Королев мало чего понимал о себе, что с ним происходит, и день за днем ездил в троллейбусах, увязавших в пробках, машинально пересаживался на конечной в обратную сторону. В киоске он купил себе книгу и читал ее все время. Точнее, держал перед собой на рюкзаке, посматривая за окно. Книга его защищала. Он всегда знал: ментам и другим пассажирам читающий человек внушает если не уважение, то сожаление и опаску, напоминая юродивого.
Ночевал по вокзалам, избегая засиживаться днем в залах ожидания. Он боялся толпы, гул ее вызывал в голове шквал.
Одуревший от побоев, он ходил по городу, заглядывал в витрины дорогих магазинов и ресторанов, не соображая, что голоден.

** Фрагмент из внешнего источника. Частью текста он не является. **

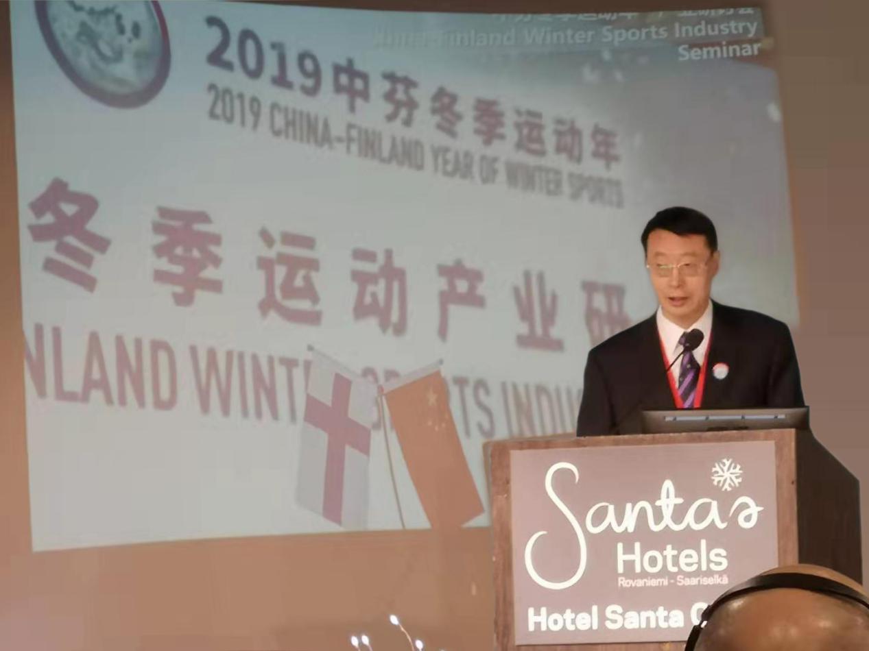国家体育总局体育经济司刘扶民司长出席会议并致辞。他指出,2019中芬冬季运动年是中国与其他国家举办的第一个以体育为主题的国家年,中芬双方围绕冰雪赛事运营、冰雪培训、冰雪场馆建设等多个领域,开展了多项产业对接活动,共签署20多项合作协议,目前很多合作成果已经落地,为促进两国冬季运动产业的共同发展发挥了积极作用。

Наличие рюкзака за спиной поднимало его над классом бомжей. Городской житель всегда с долей романтического уважения относится к туристу. Но степень его запущенности — спутанные лохмы и всклокоченная борода, перечеркнутое ссадинами грязное лицо — сбавляла ему цену в глазах прохожих.
Однажды на Тверском бульваре на него замахнулся беспризорник. Он сидел на скамейке, грелся солнцем. Раньше никто бы просто так не посмел поднять на него руку. Подросток только отвел кисть — и Королев отпрянул. Тогда мальчик сделал шаг назад и наддал ему подзатыльник.
Королев успокоился, когда понял, что потерял обоняние. Что-то это понимание решило внутри него. Теперь он не слышал запахов. Травма мозга или носовой перегородки перенесла его в опресненный мир.
Он ходил по городу и рассматривал окна как таковые. Он словно бы заново открыл свойство стекла отражать и быть прозрачным. Ему нравилось еще и то, что он не узнавал себя в отражении.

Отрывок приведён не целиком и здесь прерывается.